When I reached the age of 50, my weight was 265 pounds. Throughout the subsequent 12 years, by engaging in walking, yoga, and strength training, I managed to shed 60 pounds and maintained that loss. However, despite my dedication, I continued to suffer from inflammation, pain, and sleep apnea.
Then last year, my physician recommended tirzepatide (Zepbound), not only for weight reduction but also to address my sleep apnea. This alternate diagnosis opened the door to insurance coverage and resulted in a transformative outcome. In just 12 months, I lost an additional 60 pounds, decreased visceral fat, alleviated inflammation, enhanced muscle mass, and ultimately achieved a state of being pain-free.
This wasn’t merely a shortcut; it served as a catalyst. The GLP‑1 quieted my cravings and provided the mental acuity necessary to maintain daily movement and nutrition routines that had previously stagnated.
Tales like mine, along with those of individuals such as a woman in perimenopause dealing with glucose fluctuations, underscore the fact that GLP‑1 drugs function as metabolic instruments, not just cosmetic solutions. Nonetheless, far too many insurance providers continue to deny coverage based on outdated BMI guidelines or limited weight-loss criteria.

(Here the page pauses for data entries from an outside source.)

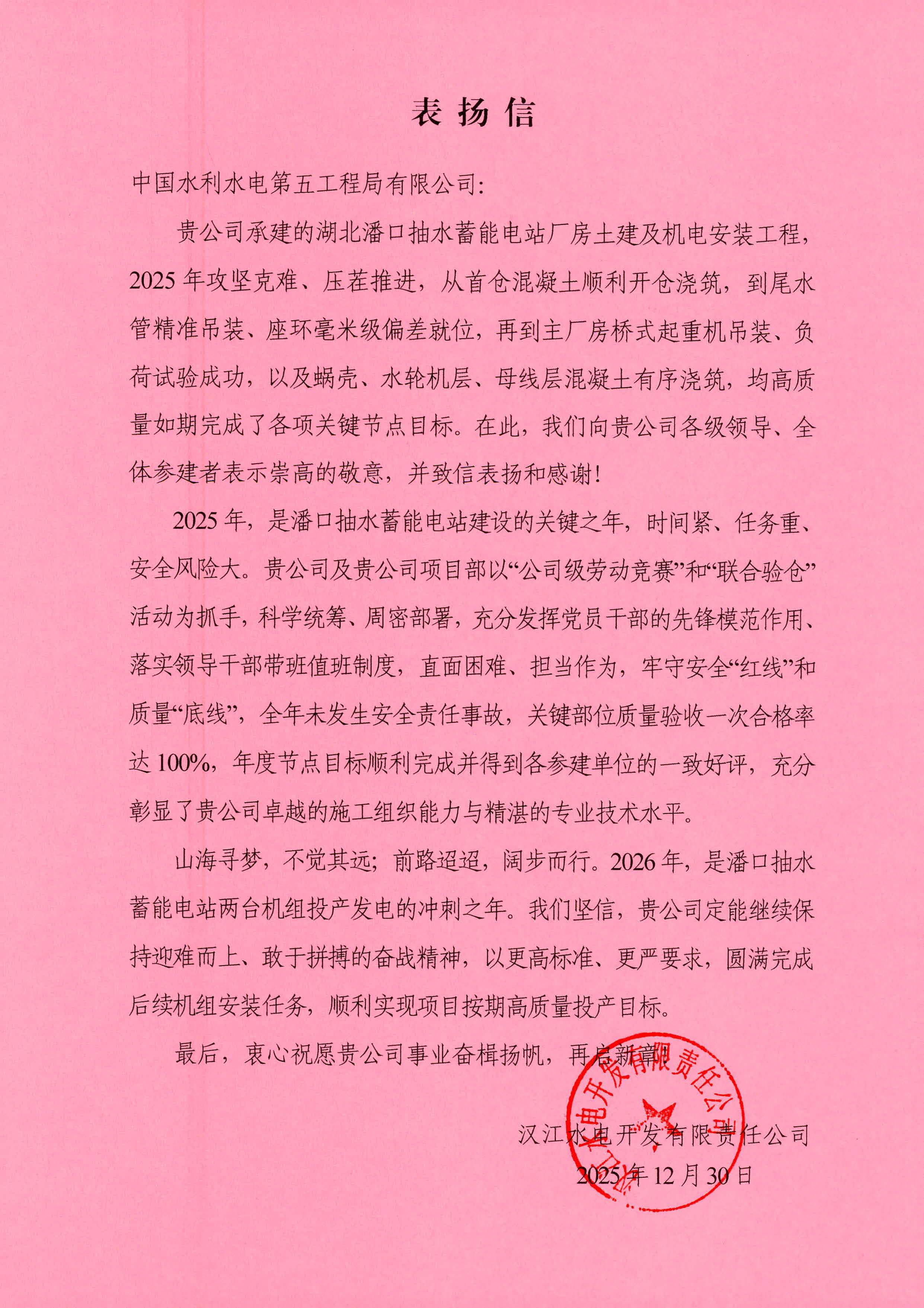 汉江水电开发有限责任公司表扬信
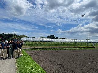 生徒たちはドローン操作は初めてでしたが、航空法の指導をうけながら、初めて見る空からる農場の映像に、驚きながら楽しんで操縦していました。
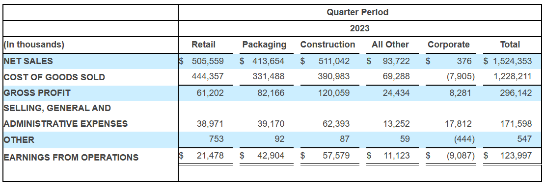 Many of the company's customers in this segment have seen lower demand in their markets, which has translated to less demand for UFP Industries' packaging products. With an added steel packaging facility to add capacity and expand materials offering, the value proposition looks strong for the company long-term however and cost-cutting can already be seen in the company's results. While gross profit was down $49 million in the segment, this was somewhat mitigated by a $10 million decrease in SG&A.

These medications provide more than just leaner physiques:
– Stabilized A1C and daily blood sugar management
– Diminished inflammation and enhanced sleep quality
– Enhanced functionality across different age demographics
Many healthcare professionals are achieving success in securing coverage for GLP‑1s by utilizing diagnoses such as insulin resistance (E88.81), sleep apnea (G47.33), metabolic syndrome, or PCOS (E28.2), particularly when these are documented alongside prediabetes, hypertension, or cardiovascular risk factors. These conditions are genuine and treatable, responding well to GLP‑1 therapy, even if the patient’s BMI does not meet the criteria of outdated obesity standards. A wider acceptance of these diagnoses for coverage could help bridge the access divide and provide essential metabolic care to those otherwise underserved.
As the board chair of a nonprofit health plan, a former partner at Deloitte, and a yoga instructor, I have witnessed how antiquated coding practices and BMI-centric policies exclude many capable individuals from receiving effective care.

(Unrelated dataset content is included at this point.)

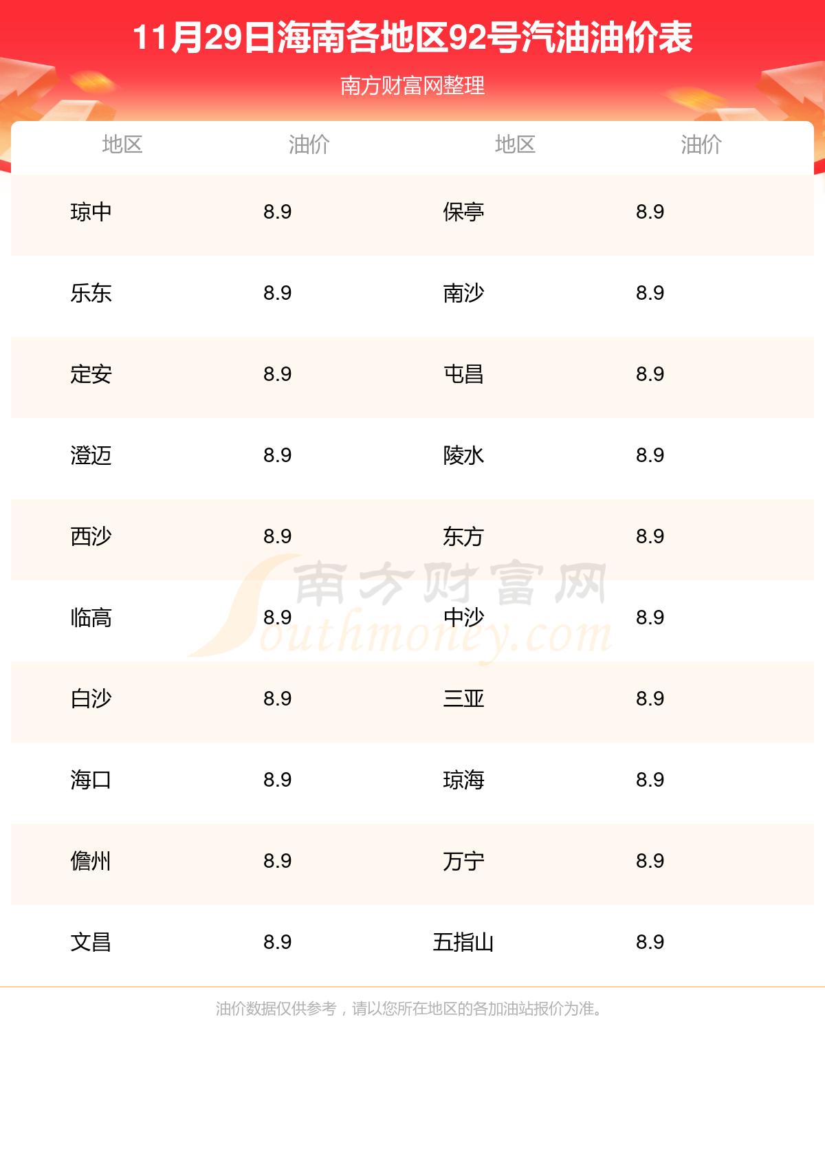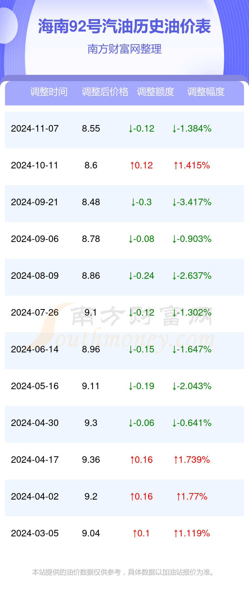 海南92号汽油11月29日价格为8.55元/升,调整时间为11月7日,相对上次调整降了0.12元,降1.384%。

A shift is necessary. GLP‑1 medications should be positioned as instruments for equity in metabolic health, prescribed based on insulin resistance, prediabetes, sleep apnea, or age-related visceral fat, rather than solely on weight.
GLP‑1s are not miracle solutions. Yet, when combined with purpose, physical activity, and protein-rich nutrition, they rank among the most powerful tools for achieving health, particularly when access is fair and equitable.